*Task*.
In the material below, the lines between the one holding "Elegante asciugapiatti in" and the one holding "После выполнения вышеуказанных", inclusive, are to be set down word for word. Pictures stay out.

*Data for analysis*.
▼▼▼
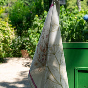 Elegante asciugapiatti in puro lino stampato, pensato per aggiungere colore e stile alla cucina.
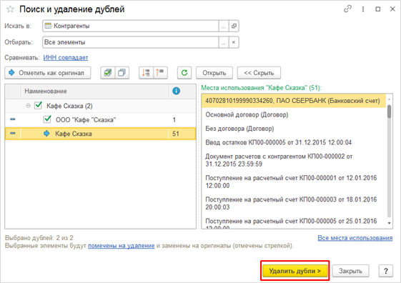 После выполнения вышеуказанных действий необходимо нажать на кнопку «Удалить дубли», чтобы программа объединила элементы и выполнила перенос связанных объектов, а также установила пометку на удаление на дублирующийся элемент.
▲▲▲
▼▼▼
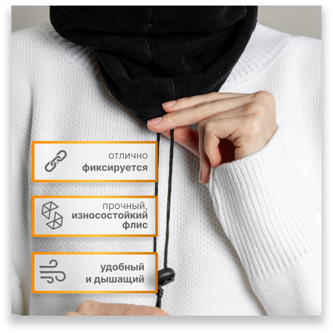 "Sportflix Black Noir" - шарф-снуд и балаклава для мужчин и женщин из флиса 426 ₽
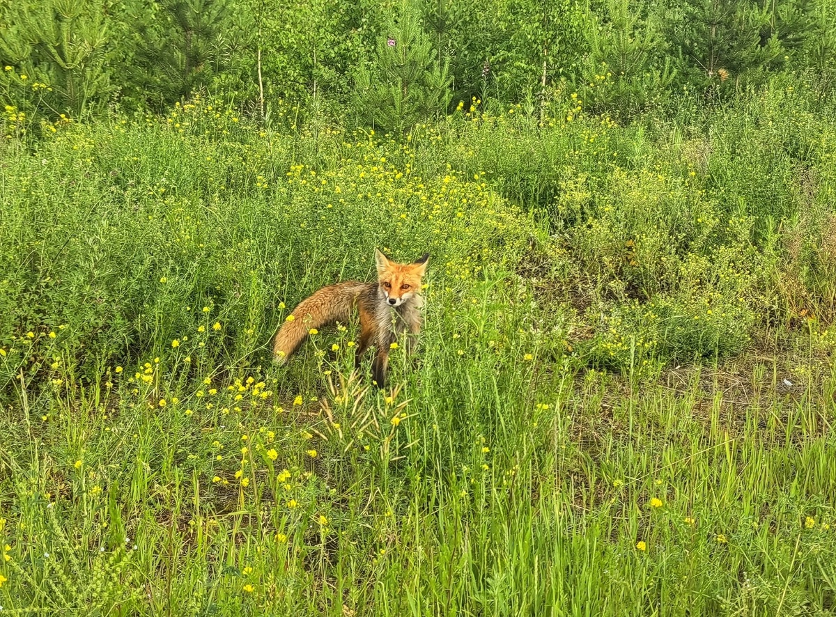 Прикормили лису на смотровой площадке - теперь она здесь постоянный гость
▲▲▲
▼▼▼
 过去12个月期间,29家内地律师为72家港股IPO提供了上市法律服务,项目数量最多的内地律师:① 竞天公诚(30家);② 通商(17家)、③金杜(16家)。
▲▲▲
*Finished exercise*.
 Elegante asciugapiatti in puro lino stampato, pensato per aggiungere colore e stile alla cucina.
 После выполнения вышеуказанных действий необходимо нажать на кнопку «Удалить дубли», чтобы программа объединила элементы и выполнила перенос связанных объектов, а также установила пометку на удаление на дублирующийся элемент.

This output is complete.